Level (mb) Height (ft) Height (mi)
1000 ________ ________
850 ________ ________
700 ________ ________
500 ________ ________
300 ________ ________
200 ________ ________
Definition
Level (mb) Height (ft) Height (mi)
1000 Near sea level
850 5,000 1.0
700 10,000 2.0
500 18,000 3.5
300 30,000 5.5
200 40,000 7.5
Term
What is the average or standard lapse rate in the troposphere?
Definition
The temperature on average will decrease by 6.5˚C per 1000 meters (or) 3.6˚F per 1000 feet rise in elevation.
Term
Based on the temperature profile, list the layers of the atmosphere from the lowest to the highest in elevation.
Definition
1) Troposphere (sfc to 11km) temperatures decrease with height
2) Stratosphere (11 to 50km) temperatures increase with height
3) Mesosphere (50 to 85km) temperatures decrease with height
4) Thermosphere (85 to 500km) temperatures increase with height
Term
What atmospheric layer contains a vast majority of our weather?
Definition
The troposphere. A severe thunderstorm with overshooting tops can extend into the lower levels of the stratosphere.
Term
1. In what atmospheric layer do we find the lowest average air temperature?

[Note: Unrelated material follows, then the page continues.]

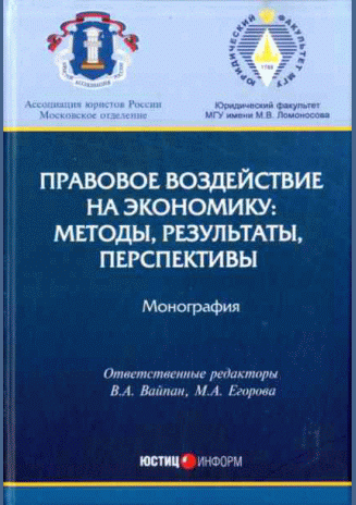 Правовое воздействие на экономику: методы, результаты, перспективы, Legal Impact on the Economy: Methods, Results, Perspectives : монография / Московский государственный университет им. М.В. Ломоносова, Юридический факультет, Ассоциация юристов России, Московское отделение (Комиссия по правовому регулированию экономической деятельности и Комиссия по совершенствованию антимонопольного законодательства); отв. ред.: В. А. Вайпан, М. А. Егорова. — Москва : Юстицинформ, 2018. — 379 с.. — Библиогр. в конце глав. — ISBN 978-5-7205-1428-0 : 833.00 р.

2. The highest average temperature?
3. The highest concentration of ozone?
Definition
1. Mesosphere, average value of -130˚F
2. Thermosphere “hot layer”, but due to the air density being so low, air temperatures are not measured directly.
3. Stratosphere, 97% of atmospheric ozone is found in the stratosphere
Term
What is the difference between latitude and longitude?
Definition
Both are used to measure earth coordinates.

Latitude (Parallels) are lines that run east-west and measure distance north-south. Lines of latitude are parallel to one another with 1˚ of latitude equaling 60 nautical miles.

Longitude (Meridians) are lines that run north- south and measure distance east-west. Lines of longitude are not parallel and converge towards the poles.
Term
What is the difference between Universal, Greenwich and Zulu Time?
Definition
There is no difference. All three refer to the same Time Coordinate System. In Meteorology we use one time zone for the whole world that is based on the time along the prime meridian (0˚ longitude) which runs through Greenwich, England. The names given to this time coordinate system vary as stated above. In Grand Forks there is a -6 hour difference during standard time and a -5 hour difference during daylight saving time between Universal time and Local time.